Damir Džombić (born 3 January 1985 in Srebrenik, SFR Yugoslavia) is a Bosnian retired football player who played as defender.

Club career
Džombić played his early youth football by Wangen bei Olten. In 2002 he joined the youth department of FC Basel and played in their U-21 team, in the third tier of Swiss football. During the spring in 2004 he was called up to their first team by head coach Christian Gross. Džombić played his domestic league debut for the club in the away game in the Stadion Brügglifeld on 18 April as Basel were defeated 3–0 by Aarau. He played the full 90 minutes, but was booked for a rude foul. At the end of the 2003–04 league season Basel won the championship.

To the beginning of the next 2004–05 season, Džombić only had appearances in test games. So at the end of July he was loaned out to Swiss Challenge League team FC Wil so that he could gain playing experience. Wil had been relegated the season before but had also won the Swiss Cup and were qualified for the UEFA Cup. Here in the first round, they played against Slovakian club Dukla Banská Bystrica. In the first leg an away game on 12 August 2004 in the SNP Stadium, Džombić was dismissed in the 78th minute for a second bookable foul.

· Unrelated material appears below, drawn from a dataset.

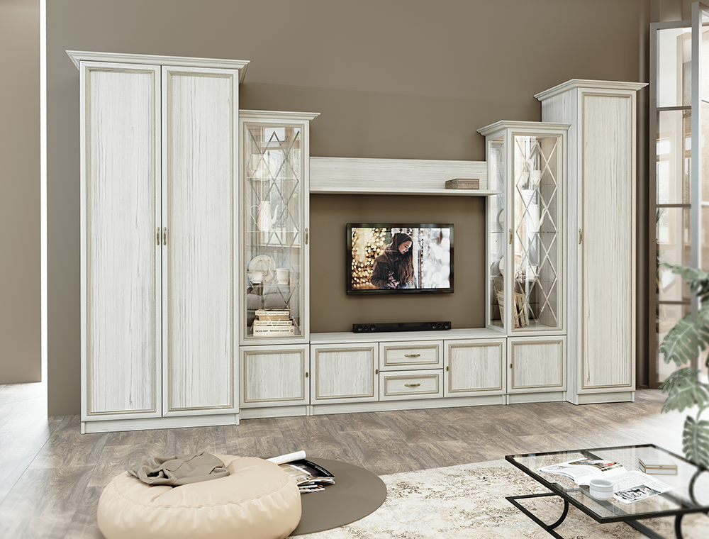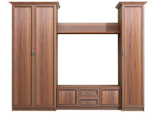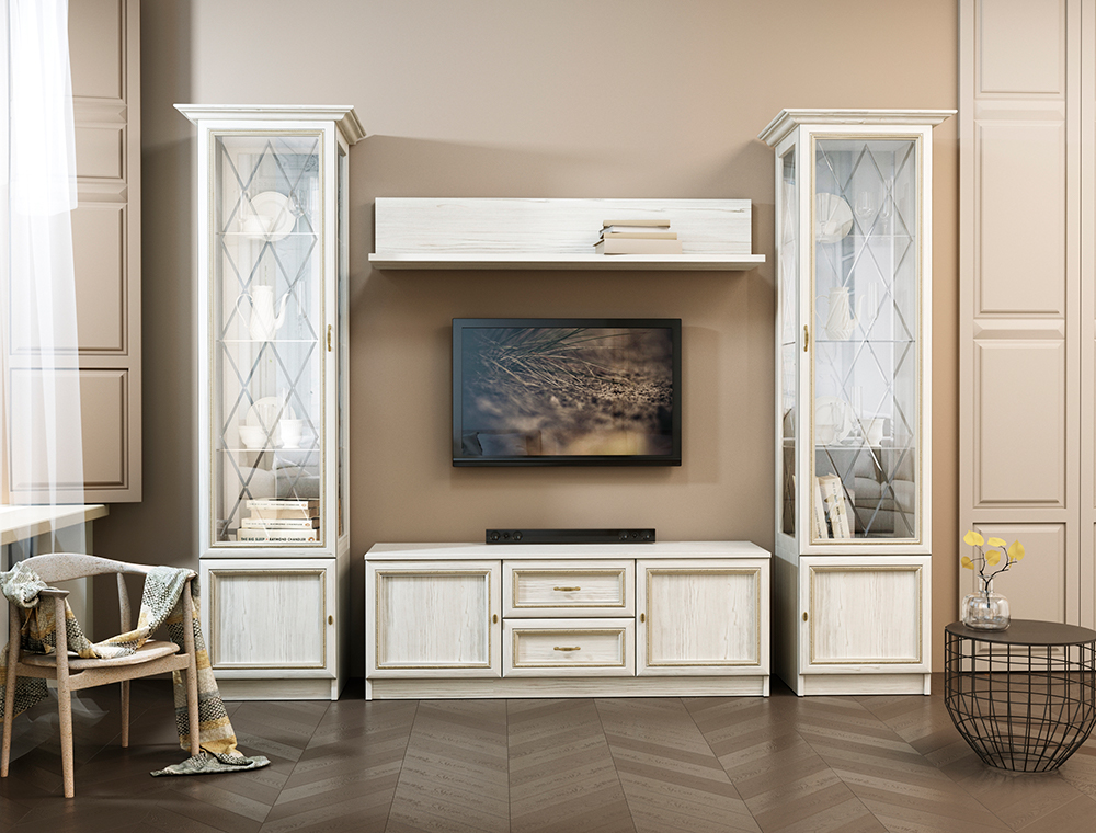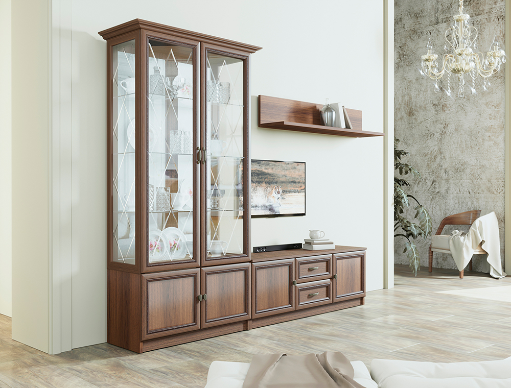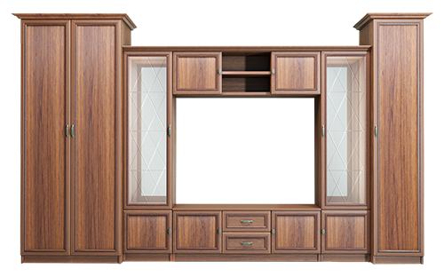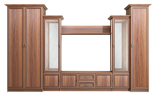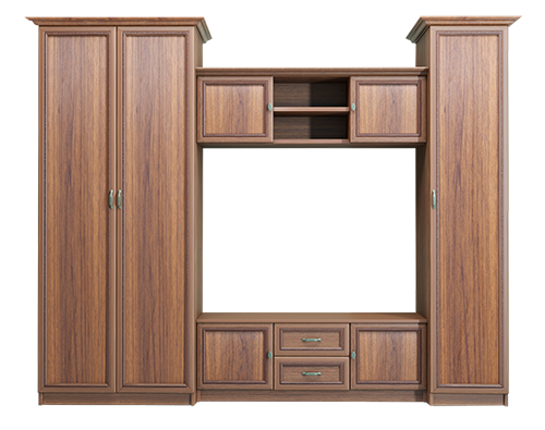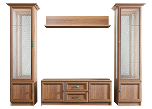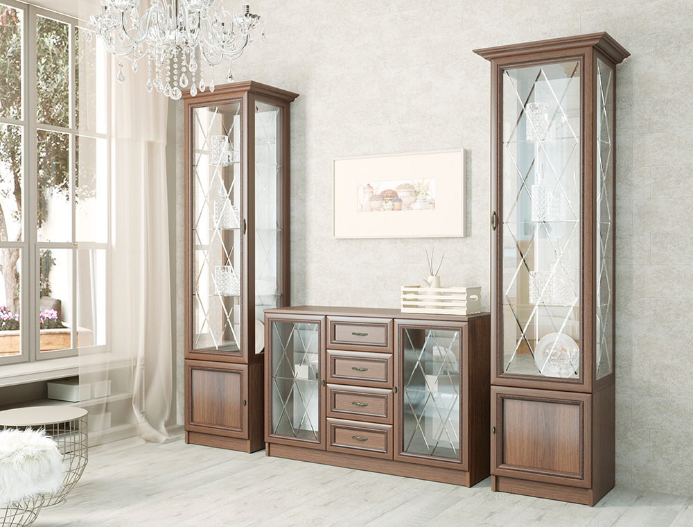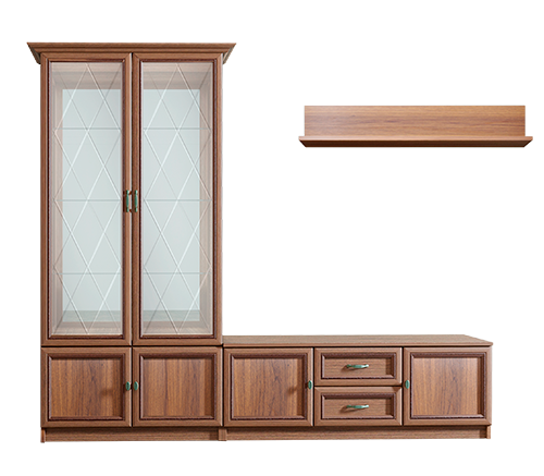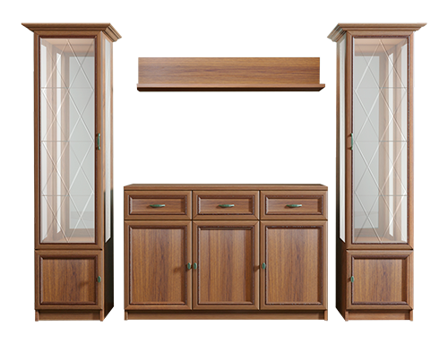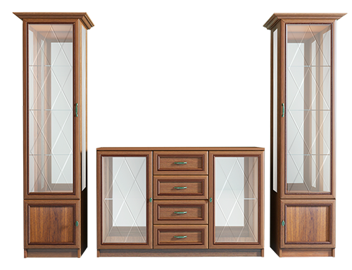 - корпус и фасад – ЛДСП 16 мм; кромка ABS 0,4 мм, крыши комодов – ABS 2 мм; фасад с рамочным профилем; карниз; стеклянные фасады – стекло прозрачное 4 мм или стекло с гравировкой;

Then he returned to Basel, but he failed to break into their first-team. In February 2006 he suffered a cruciate ligament tear, which threw him back in his progression. To help in his rehabilitation, the next season he trained and played with the U-21 team. The club understood his situation and he was released in 2007. 

On 20 June 2007 it was announced that Džombić had signed a one-year contract for Liechtenstein's second tier team FC Vaduz on a free transfer. He played with them regularly in the 2007–08 Challenge League season and helped them win the division one point ahead of AC Bellinzona to earn promotion to the Swiss Super League in 2008. The team also won the 2007–08 Liechtenstein Cup. The club and the centre back prolonged their contract for a further season. Džombić scored the first goal in his professional career against FC Sion at the Rheinpark Stadion on 16 August 2008. But this could not help the team, because they suffered a 2–1 defeat. The team won the 2008–09 Liechtenstein Cup. However, at the end of the 2008–09 season Vaduz were in bottom positions in the league table and suffered relegation.

In the 2009–10 season Džombić was without a club and in August 2010 he signed for FC Aarau. However it soon came to internal differences and in December he was released by the club. In January 2011 he joined FC Wil for training purposes only. As he was free agent he was able to sign for Schaffhausen outside the transfer window and on 10 May it was announced that they had received the license to do so, until the end of the season.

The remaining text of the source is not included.